The task: Any pictures should be dropped; everything else in the records is to be returned exactly.

Extracted data:
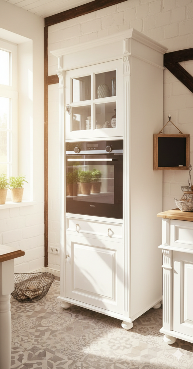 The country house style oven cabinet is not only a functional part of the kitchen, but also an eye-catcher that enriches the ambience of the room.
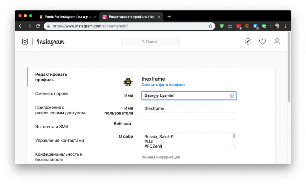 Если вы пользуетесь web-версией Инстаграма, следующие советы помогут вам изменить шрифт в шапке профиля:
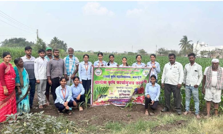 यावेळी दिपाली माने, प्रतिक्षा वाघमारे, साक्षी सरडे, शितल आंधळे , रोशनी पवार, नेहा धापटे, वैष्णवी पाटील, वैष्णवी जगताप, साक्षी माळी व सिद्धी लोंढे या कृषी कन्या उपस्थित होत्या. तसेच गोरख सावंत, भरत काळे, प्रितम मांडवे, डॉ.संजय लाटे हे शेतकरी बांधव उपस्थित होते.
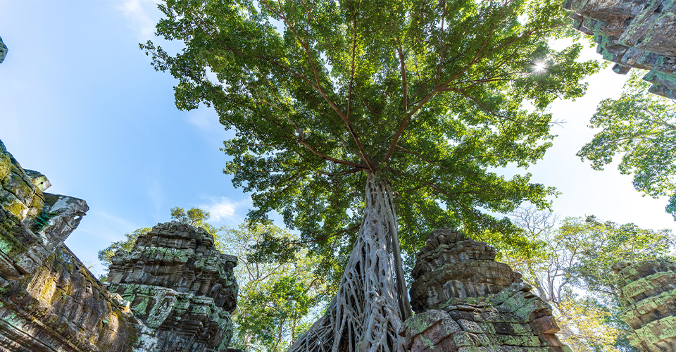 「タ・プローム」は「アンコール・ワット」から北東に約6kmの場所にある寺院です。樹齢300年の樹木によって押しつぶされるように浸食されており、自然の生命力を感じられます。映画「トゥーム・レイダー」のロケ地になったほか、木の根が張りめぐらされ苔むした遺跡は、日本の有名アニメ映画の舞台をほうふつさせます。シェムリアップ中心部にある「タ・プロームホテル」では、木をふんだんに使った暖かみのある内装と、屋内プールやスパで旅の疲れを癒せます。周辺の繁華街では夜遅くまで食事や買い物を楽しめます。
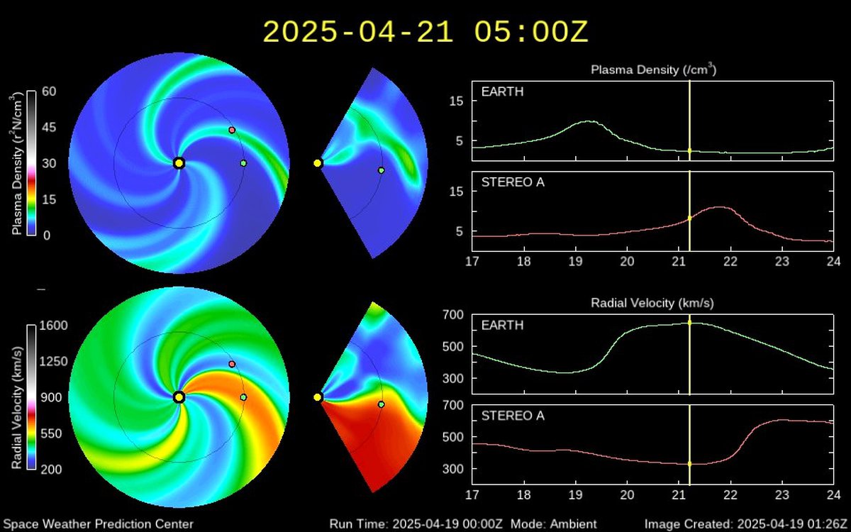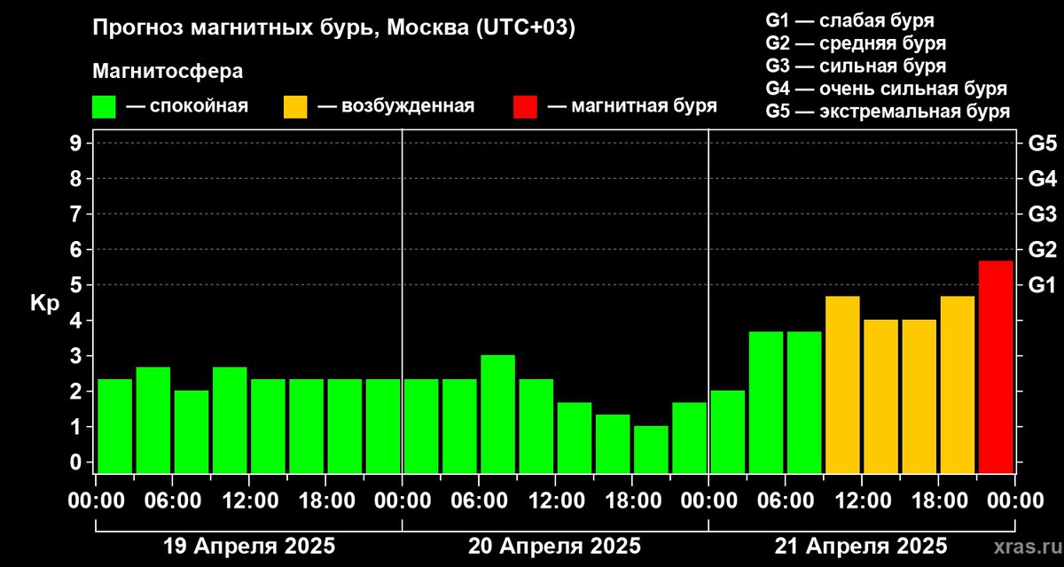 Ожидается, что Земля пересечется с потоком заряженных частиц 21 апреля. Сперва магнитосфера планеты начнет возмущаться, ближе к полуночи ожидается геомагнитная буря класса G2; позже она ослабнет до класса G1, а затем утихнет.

Worked solution:
 The country house style oven cabinet is not only a functional part of the kitchen, but also an eye-catcher that enriches the ambience of the room.
 Если вы пользуетесь web-версией Инстаграма, следующие советы помогут вам изменить шрифт в шапке профиля:
 यावेळी दिपाली माने, प्रतिक्षा वाघमारे, साक्षी सरडे, शितल आंधळे , रोशनी पवार, नेहा धापटे, वैष्णवी पाटील, वैष्णवी जगताप, साक्षी माळी व सिद्धी लोंढे या कृषी कन्या उपस्थित होत्या. तसेच गोरख सावंत, भरत काळे, प्रितम मांडवे, डॉ.संजय लाटे हे शेतकरी बांधव उपस्थित होते.
 「タ・プローム」は「アンコール・ワット」から北東に約6kmの場所にある寺院です。樹齢300年の樹木によって押しつぶされるように浸食されており、自然の生命力を感じられます。映画「トゥーム・レイダー」のロケ地になったほか、木の根が張りめぐらされ苔むした遺跡は、日本の有名アニメ映画の舞台をほうふつさせます。シェムリアップ中心部にある「タ・プロームホテル」では、木をふんだんに使った暖かみのある内装と、屋内プールやスパで旅の疲れを癒せます。周辺の繁華街では夜遅くまで食事や買い物を楽しめます。
 Ожидается, что Земля пересечется с потоком заряженных частиц 21 апреля. Сперва магнитосфера планеты начнет возмущаться, ближе к полуночи ожидается геомагнитная буря класса G2; позже она ослабнет до класса G1, а затем утихнет.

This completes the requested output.